** WORK ORDER **
Copy word for word the lines in the records below, starting at the line with "куриное филе жареное" and ending at the line with "多肉どんぶりから垂れすぎたの". Skip the pictures.

** THE INPUT **
-- Opening Marker --
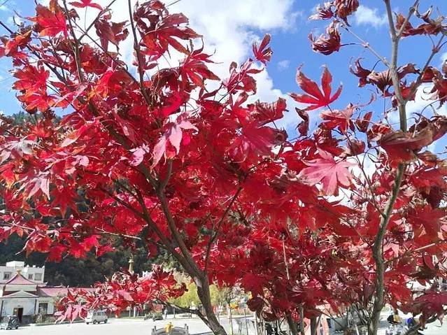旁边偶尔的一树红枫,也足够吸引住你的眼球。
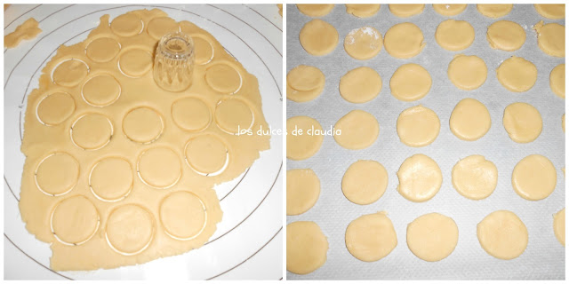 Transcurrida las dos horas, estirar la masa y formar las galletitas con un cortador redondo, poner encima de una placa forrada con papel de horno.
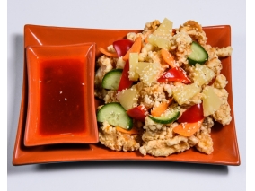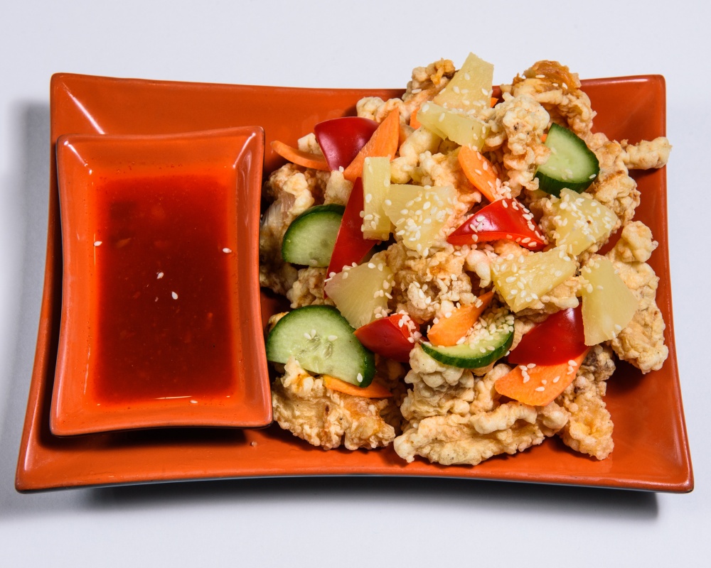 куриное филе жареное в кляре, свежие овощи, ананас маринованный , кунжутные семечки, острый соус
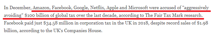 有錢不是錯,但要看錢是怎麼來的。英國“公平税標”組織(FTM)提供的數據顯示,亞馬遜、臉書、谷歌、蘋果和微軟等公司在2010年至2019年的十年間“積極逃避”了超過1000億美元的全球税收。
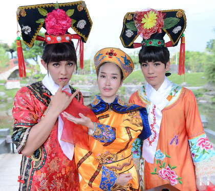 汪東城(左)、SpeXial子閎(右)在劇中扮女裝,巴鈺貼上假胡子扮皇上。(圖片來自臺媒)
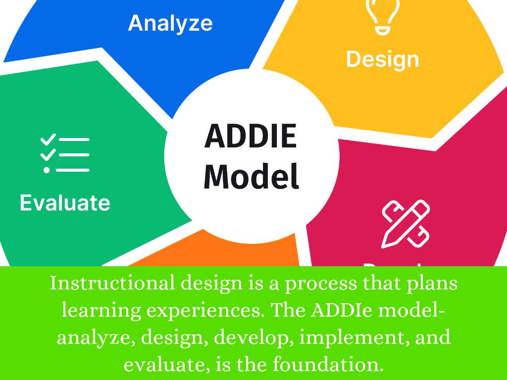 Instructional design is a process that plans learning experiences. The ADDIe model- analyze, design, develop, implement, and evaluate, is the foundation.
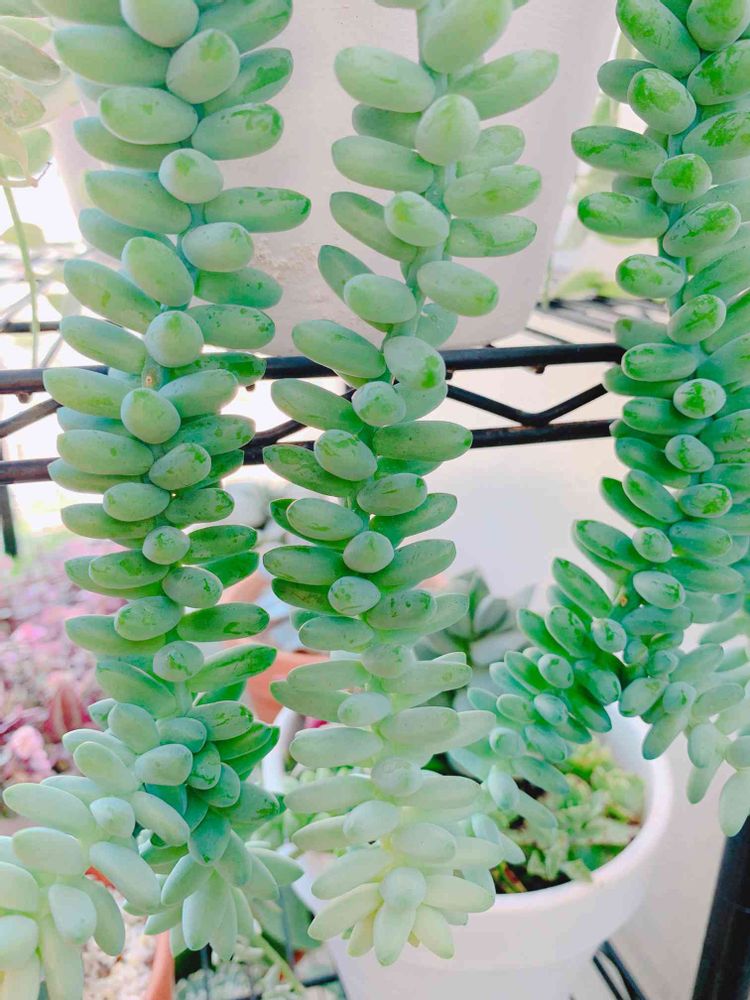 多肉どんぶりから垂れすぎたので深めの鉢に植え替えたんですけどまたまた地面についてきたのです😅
-- Closing Marker --
-- Opening Marker --
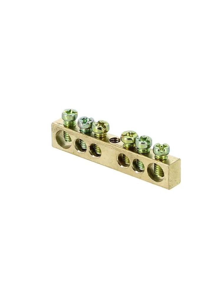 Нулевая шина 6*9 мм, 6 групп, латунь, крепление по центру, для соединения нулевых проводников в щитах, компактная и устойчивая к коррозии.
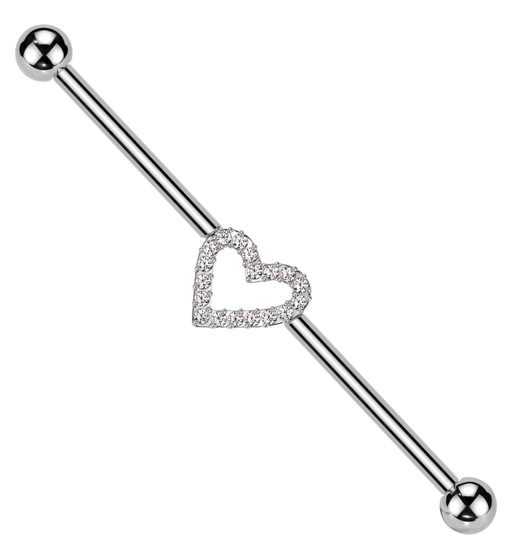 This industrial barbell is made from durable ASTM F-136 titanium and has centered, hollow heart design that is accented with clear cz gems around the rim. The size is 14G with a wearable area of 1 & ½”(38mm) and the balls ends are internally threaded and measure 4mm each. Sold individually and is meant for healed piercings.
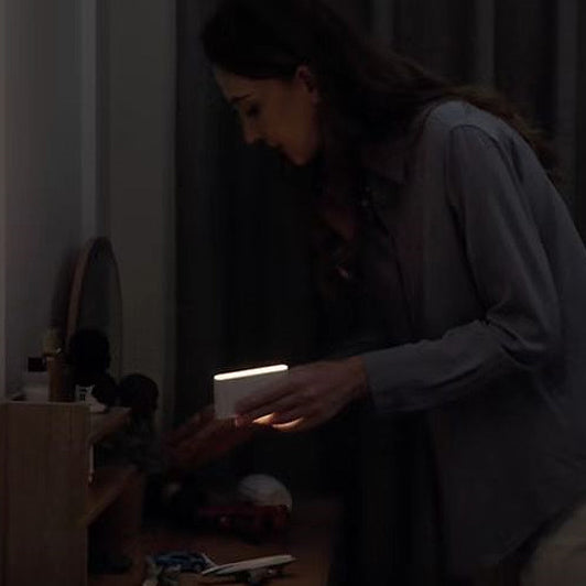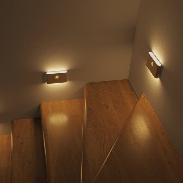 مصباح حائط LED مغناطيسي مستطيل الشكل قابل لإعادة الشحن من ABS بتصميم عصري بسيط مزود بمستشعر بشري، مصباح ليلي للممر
-- Closing Marker --
-- Opening Marker --
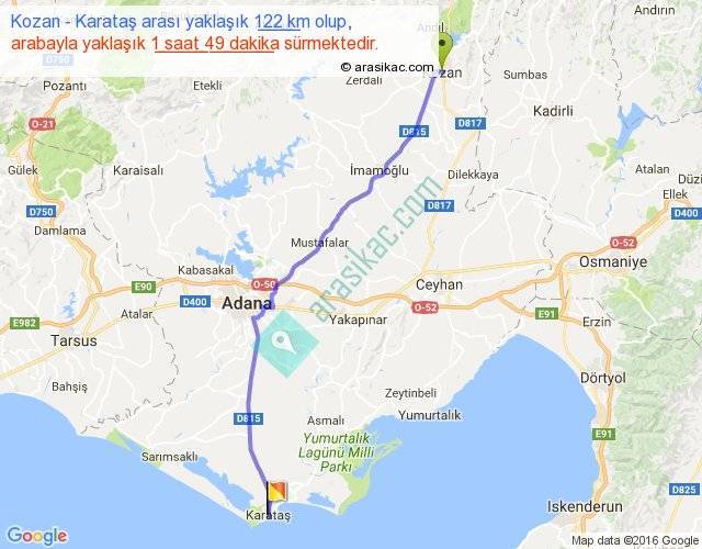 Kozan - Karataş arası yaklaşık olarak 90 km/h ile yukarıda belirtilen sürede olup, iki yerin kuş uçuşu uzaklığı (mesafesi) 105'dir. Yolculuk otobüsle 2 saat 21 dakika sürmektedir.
-- Closing Marker --
** TASK RESULT **
 куриное филе жареное в кляре, свежие овощи, ананас маринованный , кунжутные семечки, острый соус
 有錢不是錯,但要看錢是怎麼來的。英國“公平税標”組織(FTM)提供的數據顯示,亞馬遜、臉書、谷歌、蘋果和微軟等公司在2010年至2019年的十年間“積極逃避”了超過1000億美元的全球税收。
 汪東城(左)、SpeXial子閎(右)在劇中扮女裝,巴鈺貼上假胡子扮皇上。(圖片來自臺媒)
 Instructional design is a process that plans learning experiences. The ADDIe model- analyze, design, develop, implement, and evaluate, is the foundation.
 多肉どんぶりから垂れすぎたので深めの鉢に植え替えたんですけどまたまた地面についてきたのです😅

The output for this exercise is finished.